Financials: Cash: $653.8 million.

Debt: $16.3 billion. Market capitalization: $10.5 billion.

Who will build it
Hertz Global Holdings is planning to build a 300,000-square-foot office structure in Estero to relocate its corporate headquarters. That scale of project typically would be undertaken by a builder experienced in projects of that scale. In Southwest Florida, here are some of the local candidates:

OWEN-AMES-KIMBALL

With operations in Southwest Florida and Grand Rapids, Mich., O-A-K built Harborside Event Center in downtown Fort Myers.

MANHATTAN CONSTRUCTION

A national major builder, it acquired Naples-based Kraft Construction in 2008. Initially the company was called Manhattan Kraft, but it’s now again known simply as Manhattan. Manhattan built Cowboys Stadium in Dallas and JetBlue Park (spring training home of the Red Sox) in south Lee County.

MCGARVEY DEVELOPMENT

Relocated to Fort Myers in 1996 from Morristown, N.J. Its local projects include the nine-building, 24-acre Riverview Corporate Center in Bonita Springs.

Zoning amendments

On Friday afternoon, Hertz and the landowner of its planned new headquarters site in Estero filed a zoning amendment with the Lee County Department of Community Development for the Coconut Point development of regional impact, which includes the proposed Hertz site at Williams Road and U.S. 41.
Here are the main things they’re asking for:
Increase general office space from 315,000 to 678,000 square feet.
Decrease multi-family homes from 1,528 to 1,214
Decrease number of hotel rooms from 440 to 320.
Eliminate performing arts center.

Incentive package

$3.4 million a year for up to 20 years through the Capital Investment Tax Credit.
$7 million, Quick Action Closing fund, paid out based on specific performance-based criteria.
$3 million, Qualified Target Industry Tax Refund, once the company meets job and salary criteria.
$4.6 million, Lee County incentives. Enterprise Florida estimates the local incentives could top $5 million.
$945,000, Quick Response Training program, reimbursement for training costs.
$125,000 a year for four years through an economic development rate reduction from Florida Power & Light Co.

Key players

>> Carl Schwing: Bonita city manager part of crucial meeting
>> Heather Fitzenhagen: State rep who helped campaign for state money
>> Jim Moore: Lead negotiator for final agreement with Hertz
>> Ben Nelson: Bonita mayor had 5 minutes to wow execs
>> Mike Reagen:Greater Naples Chamber head helped scout Collier sites
>> Todd Poste: Hertz exec who led negotiation efforts
Rick Scott: Florida governor who met with Hertz CEO in January
>> Gray Swoope: President of Enterprise Florida helped recruit Hertz

More

More coverage of Hertz moving headquarters to Lee County

All eyes were on Bonita Springs Mayor Ben Nelson, and he was feeling the pressure.

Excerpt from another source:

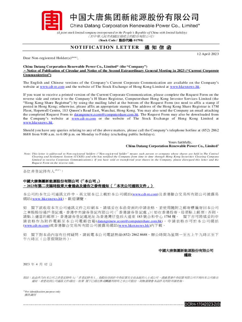 (Stock Code / : 01798)N O T I F I C AT I O N L E T T E R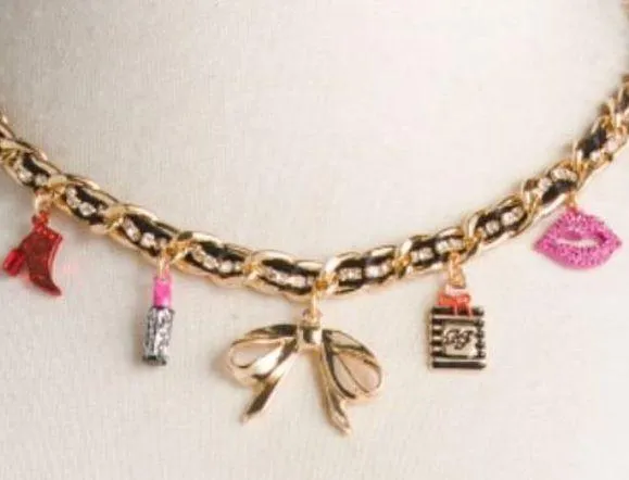 Bow Charm Chain Necklace Curb chain link with Rhinestone chain and black ribbon woven throughout Ch... Show more

He had fewer than 5 minutes to pitch his city to a group of visitors looking to relocate the headquarters of their unidentified company.

The pressure was intense, the circumstances more than a little unusual.

Lee County economic development officials had worked for six months to get to this point, and had only dealt with site selection consultants.

The six visitors — all men dressed business casual, no ties — already were behind schedule when they arrived at a small meeting room at Worthington Country Club for this 20-minute meeting over deli-style sandwiches. The visitors were in a hurry — they had prospective sites to scope out — and had asked for something they could eat quickly.

They introduced themselves by first names only, and even those were obviously phony.

“Call me Bob,” one said.

“Call me Bob, too,” said another.

About a dozen people sat around a conference table in the room: four company representatives, two site consultants, Interim County Manager Doug Meurer, Economic Development Director Jim Moore, his business development director Brent Barkway, Nelson and Bonita City Manager Carl Schwing.

Editorial: Time to build on success of bring Hertz headquarters to Lee County

Schwing led off with a quick by-the-numbers overview of Bonita Springs; size, population, etc. But the circumstances even sped his pulse up.

“All of this clandestine stuff was kind of exciting,” he said.

Nelson felt a little tense.

“I had no idea what kind of company they were with, so I had no idea what they were interested in, but I assumed they were from up north,” Nelson said. “So, I told them when you are in Bonita Springs, you can be on the beach in five minutes or fishing on the Gulf.”

(Page 2 of 7)

In those same minutes, Nelson said, you can be bow hunting in the CREW Trust, picking up children from school, or having dinner and drinks with clients at Coconut Point.

“I don’t know if that is what you are looking for, but I know that is exactly what I am looking for,” Nelson told them.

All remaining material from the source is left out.